Secondly, I guess I take "heartland" less as a shorthand for folksiness and more as shorthand for non-big-city America. In an office conversation earlier today, our colleague Tim Noah pointed out that more Americans live in cities than in small towns, and this blog post in the Wall Street Journal looks at the numbers. The Census Bureau says that 80 percent of us live in metropolitan areas and only 20 percent elsewhere. But it's not that black and white. Some metropolitan areas dwarf others, and not every city is surrounded by the same bland, sprawling suburbs. The "suburb" I live in is actually a town that was founded in the early 1800s and has its own schools, a quaint downtown, and its own identity.
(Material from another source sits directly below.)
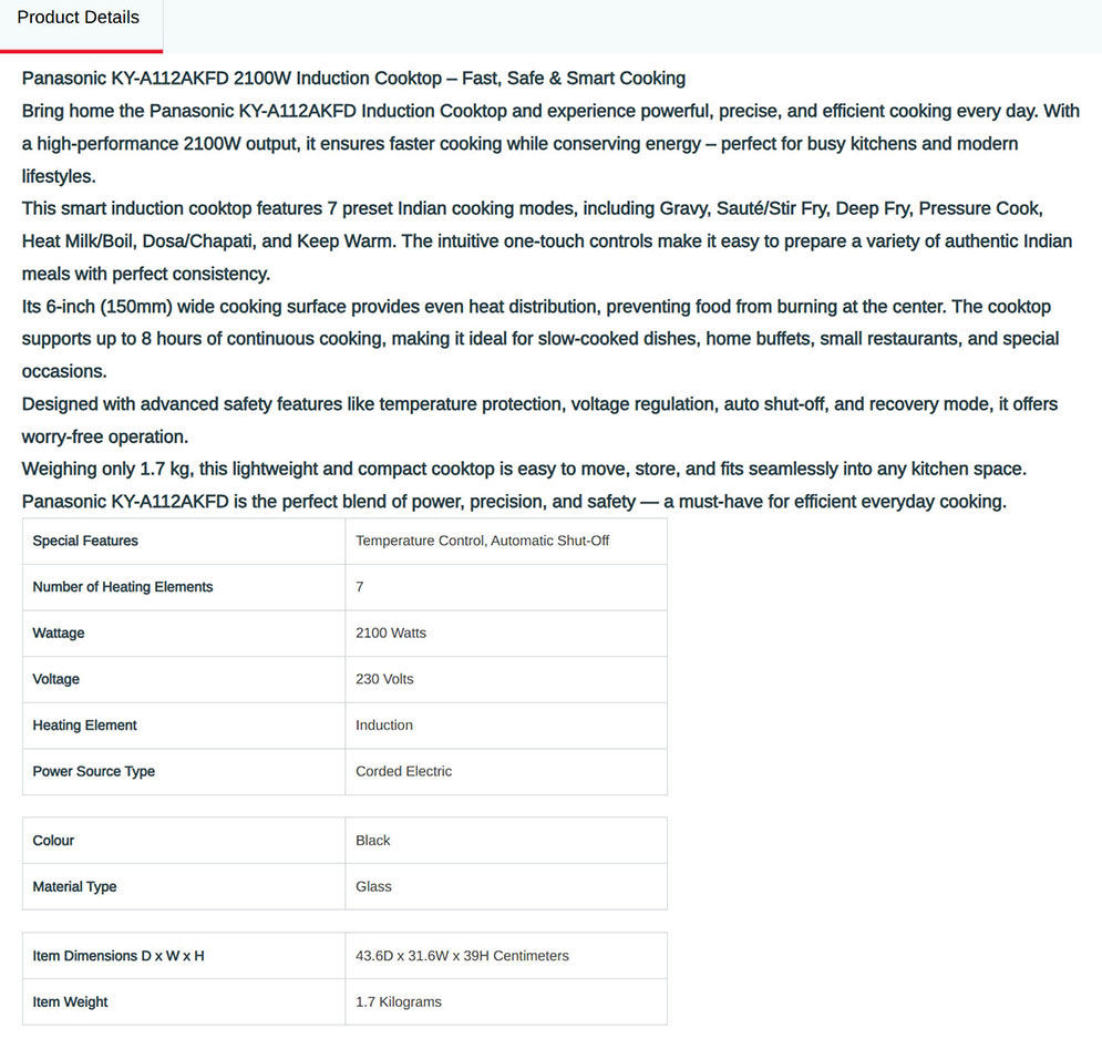 Panasonic KY-A112AKFD Induction Stove Automatic Voltage Regulator and Safety Cut Off

I grew up in a small town. I lived for eight years in the burbs of one our most vibrant and beautiful cities, Seattle. Now I live near Cincinnati, a place the Census Bureau would call a metropolitan area but one that feels minuscule compared with megalopolises like New York or Los Angeles and even considerably smaller than big cities like Seattle or Atlanta. One thing I've learned in my various experiences is that in many ways, people are similar wherever you go. People want a lot of the same things out of life and have many of the same concerns. And thanks to the mobility we enjoy, a lot of people in the big cities come from the heartland. But there are differences. And thank god. One of the things that I love passionately about this country is that it offers such a diversity of lifestyles. If you want to live somewhere where you can have a working-class job and still afford a sizable home for your family, where everyone knows everyone and half the town goes to the high school football games on Friday nights, there are thousands of places for that. If you want to live somewhere where you need to be an executive to afford an 800-square-foot waterfront condo that's within walking distance of Whole Foods and public transportation, well, did I mention Seattle? If you want to work 80 hours a week and be a millionaire, move to Wall Street. Want to be a surf bum or ski bum? The West is calling to you.
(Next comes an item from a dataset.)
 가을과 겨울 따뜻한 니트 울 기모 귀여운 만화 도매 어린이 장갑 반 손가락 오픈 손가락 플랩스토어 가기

Noreen, my fellow Buckeye, you're from a part of Ohio that is definitely hurting more than some other parts of the heartland. I grew up in northeastern Ohio, and I remember the steel plants closing in the 1970s and my neighbors getting laid off. I remember when my grandfather moved his men's clothing store off of Main Street because the area was dying. I know how real that pain is, even if I'm more removed from it these days, and I can see why voters might think that Sarah Palin can't relate. At the same time, it's a problem that's been going on for decades, and I think people are going to be sorely disappointed if they're waiting for the federal government to fix it.
But, to circle back to your original question, when Sarah Palin says she's from the heartland, I get it on some level. Governing an oil-rich state with a budget surplus is indeed different than governing a state that is losing jobs and trying to figure out what to cut from the budget to save the schools and build roads. But most of us make our voting decisions based on a combination of a politican's skills, experience, ideology, and personality. Her experience might not scream "heartland," but her personality does.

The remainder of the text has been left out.